§ Exercise aim
Only the lines in the entries below from the line with "Norwegian King Harald" to the line with "Laser tag equipment", both included, belong in the answer, transcribed exactly and without pictures.

§ Records for the task

# # # # #

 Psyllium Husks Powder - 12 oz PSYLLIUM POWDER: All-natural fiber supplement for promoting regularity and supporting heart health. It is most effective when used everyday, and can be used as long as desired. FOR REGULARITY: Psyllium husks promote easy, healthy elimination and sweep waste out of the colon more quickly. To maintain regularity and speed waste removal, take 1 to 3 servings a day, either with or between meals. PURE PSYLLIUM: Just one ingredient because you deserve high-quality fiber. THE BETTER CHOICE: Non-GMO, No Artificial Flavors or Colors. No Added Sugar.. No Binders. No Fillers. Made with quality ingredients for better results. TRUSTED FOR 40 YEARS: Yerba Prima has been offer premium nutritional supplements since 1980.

# # # # #

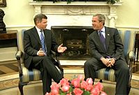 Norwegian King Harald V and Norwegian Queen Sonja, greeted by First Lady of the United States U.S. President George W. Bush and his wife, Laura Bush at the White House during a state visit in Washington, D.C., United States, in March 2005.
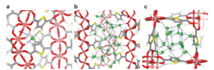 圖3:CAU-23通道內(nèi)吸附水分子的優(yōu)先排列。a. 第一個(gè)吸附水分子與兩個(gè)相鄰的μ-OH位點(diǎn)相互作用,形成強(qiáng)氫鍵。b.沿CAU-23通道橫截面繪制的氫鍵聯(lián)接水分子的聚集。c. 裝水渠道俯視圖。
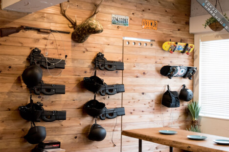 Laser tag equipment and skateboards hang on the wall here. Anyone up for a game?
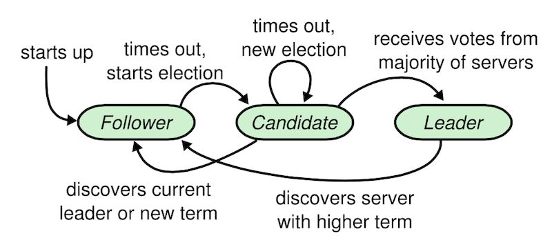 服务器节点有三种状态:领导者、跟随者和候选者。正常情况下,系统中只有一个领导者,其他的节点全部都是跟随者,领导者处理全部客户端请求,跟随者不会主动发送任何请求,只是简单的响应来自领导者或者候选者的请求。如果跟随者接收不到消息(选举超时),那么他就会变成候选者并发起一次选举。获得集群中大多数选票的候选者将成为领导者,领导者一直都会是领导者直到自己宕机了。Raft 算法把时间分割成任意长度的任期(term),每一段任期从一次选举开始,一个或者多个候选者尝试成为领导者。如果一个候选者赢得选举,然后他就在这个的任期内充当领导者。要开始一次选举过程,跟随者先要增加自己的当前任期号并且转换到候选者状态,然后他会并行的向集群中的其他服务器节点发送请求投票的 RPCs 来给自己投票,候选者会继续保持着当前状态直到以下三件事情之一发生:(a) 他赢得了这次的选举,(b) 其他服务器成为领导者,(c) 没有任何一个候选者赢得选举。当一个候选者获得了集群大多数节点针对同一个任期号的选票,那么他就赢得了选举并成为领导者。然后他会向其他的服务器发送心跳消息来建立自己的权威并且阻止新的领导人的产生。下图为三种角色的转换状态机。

# # # # #

§ Solution to this task
 Norwegian King Harald V and Norwegian Queen Sonja, greeted by First Lady of the United States U.S. President George W. Bush and his wife, Laura Bush at the White House during a state visit in Washington, D.C., United States, in March 2005.
 圖3:CAU-23通道內(nèi)吸附水分子的優(yōu)先排列。a. 第一個(gè)吸附水分子與兩個(gè)相鄰的μ-OH位點(diǎn)相互作用,形成強(qiáng)氫鍵。b.沿CAU-23通道橫截面繪制的氫鍵聯(lián)接水分子的聚集。c. 裝水渠道俯視圖。
 Laser tag equipment and skateboards hang on the wall here. Anyone up for a game?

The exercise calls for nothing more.